Referring to Table 1, Delta X (Dx) indicates the X-axis (width direction of the polarizing film) size of the region recognized as a defect, and Delta Y (Dy) indicates the Y-axis ( The longitudinal direction) size of a polarizing film is shown. The delta X (Dx) and the delta Y (Dy) are set with reference to a pixel, and for example, the number of X-axis pixels in an area recognized as a defect is multiplied by an X-axis spatial resolution (actual size of the X-axis pixel). Then, it is determined by multiplying the number of Y-axis pixels in the area recognized as a defect by the Y-axis spatial resolution (actual size of the Y-axis pixels). The area (Area) indicates the total area recognized as a defect. Similarly, the area (Area) is set based on a pixel, and is determined by multiplying the total number of pixels recognized as defects by the actual unit area of the pixel, for example. The density (Density) indicates the ratio of the area actually recognized as the defect to the entire square area of the X axis and the Y axis of the area recognized as the defect, that is, Area × 100 / (Dx × Dy). Although the size (Size) indicates the size of the defect, in one embodiment of the present invention, the size of the defect is estimated by taking the average of delta X (Dx) and delta Y (Dy). The peak (Peak) indicates a difference between the maximum value / minimum value of the brightness of the portion recognized as a defect and the surrounding average brightness. For reference, when the brightness is displayed on a monitor, black can be converted to a digital value of 0 and white can be converted to a digital value of 255 and displayed as a value from 0 to 255. Although the thickness (Thickness) indicates the thickness of the defect, in one embodiment of the present invention, the thickness of the defect is estimated based on Area / (√Dx ² + Dy ² ). The defect type (Defect Type) is divided into a black defect (black spot), a white defect (white spot), and a black and white defect (uneven shape), and the black defect (black spot) is lower (darker) than the reference shadow (Gray). The white defect (white point) means a defect that is higher (brighter) than the reference shadow (Gray), and the black and white defect (irregularity) is a defect that includes a portion that is higher and lower than the reference shadow (Gray). Means.

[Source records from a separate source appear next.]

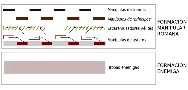 Una vez la maquinaria había comenzado a rodar, la infantería romana era por regla general desplegada, como cuerpo principal, de frente al enemigo. Durante el despliegue en la era romana, los manípulos se disponían comúnmente en triplex acies (triple orden de batalla): es decir, en tres niveles, con los asteros en primera fila (la más cercana al enemigo), los principes en segunda, y los veteranos triarios en la tercera y última, en posición de rodillas, para que no se lanzaran de improviso al fragor de la batalla, o, en ocasiones, incluso más atrás como reserva estratégica. Cuando se sufría una derrota, la primera y segunda línea (principes y "hastatos") retrocedían hasta los triarios para recomponer las líneas y efectuar un contraataque o retirada organizada. Dado que retroceder hasta los triarios era una medida desesperada, la frase "bajar a los triarios" (ad triarios rediisse) se convirtió en una frase típica romana para referirse a una situación desesperada.[11]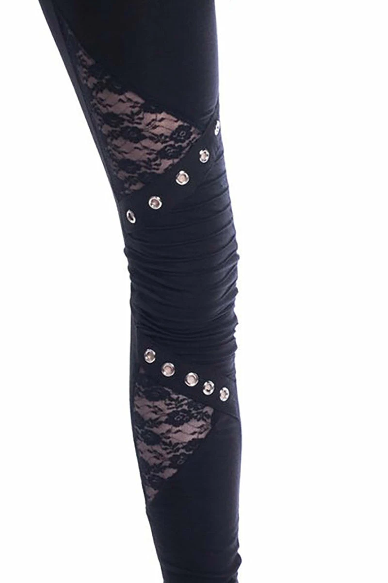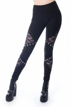 Wake ’em from their darkest dreams in these stunning leggings! Cut-out elements charm the soft black fabric, romanced by floral mesh and silver eyelets. Ribbed details hex the knees to edge out your alt aesthetic. High-waisted and stretchy for a comfy, flattering fit.Â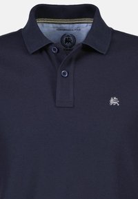 Homme aux cheveux gris et à la barbe, portant un polo bleu marine, un jean bleu et des baskets blanches, debout, une main dans la poche, regardant vers la gauche.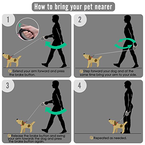 How to Bring Your Pet Nearer: 1. Extend your arm forward and press the brake button. 2. Step forward your dog and at the same time bring your arm to your side. 3. Release the brake button and swing your arm towards the dog and press the brake button again. 4. Repeated as needed.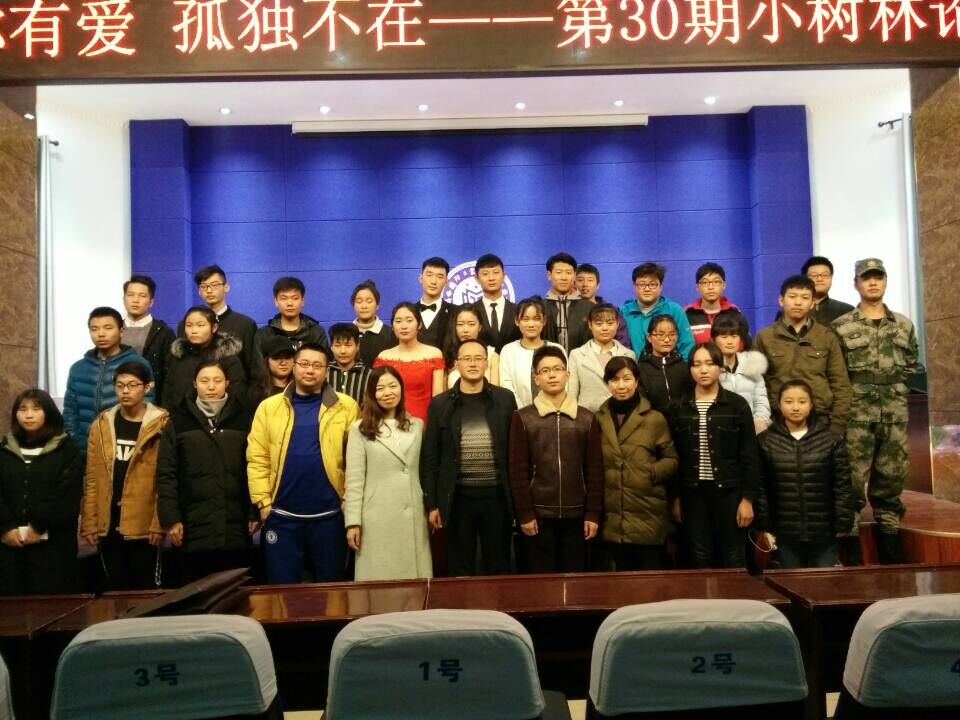 2016年12月7日下午4:30,由基础课部承办的第30期小树林论坛“有你有爱 孤独不在”,在我校南区报告厅圆满举办。基础课党总支书记杨文革老师、学保处杨永春老师以及基础课部全体辅导员、教官和350多名学生参加了本次活动。

  The detection unit 130 analyzes the inspection result data to detect a defect in the polarizing film. In this regard, FIGS. 3 to 9 show a detection algorithm according to an embodiment of the present invention. Hereinafter, the polarization according to the present invention performed by the detection unit 130 with reference to FIGS. 3 to 9 will be described. A film defect detection method will be described.

  FIG. 3 is a diagram illustrating a bonded foreign object detection algorithm according to an embodiment of the present invention.

  Referring to FIG. 3, in step S <b> 310, the detection unit 130 determines whether the defect type (Defective Type) is uneven (black and white defect), and the defect type (Defective Type) is uneven (black and white defect). If not, skip. If the defect type (Defect Type) is uneven (black and white defect), in step S320, the detection unit 130 determines whether the size (Size) is 300 μm or more, and the size (Size) is 300 μm. If not, skip (Skip). If the size (Size) is 300 μm or more, in step S330, the detection unit 130 determines that the defect form of the polarizing film is a bonded foreign material.

  FIG. 4 is a diagram illustrating a bonded bubble detection algorithm according to an embodiment of the present invention.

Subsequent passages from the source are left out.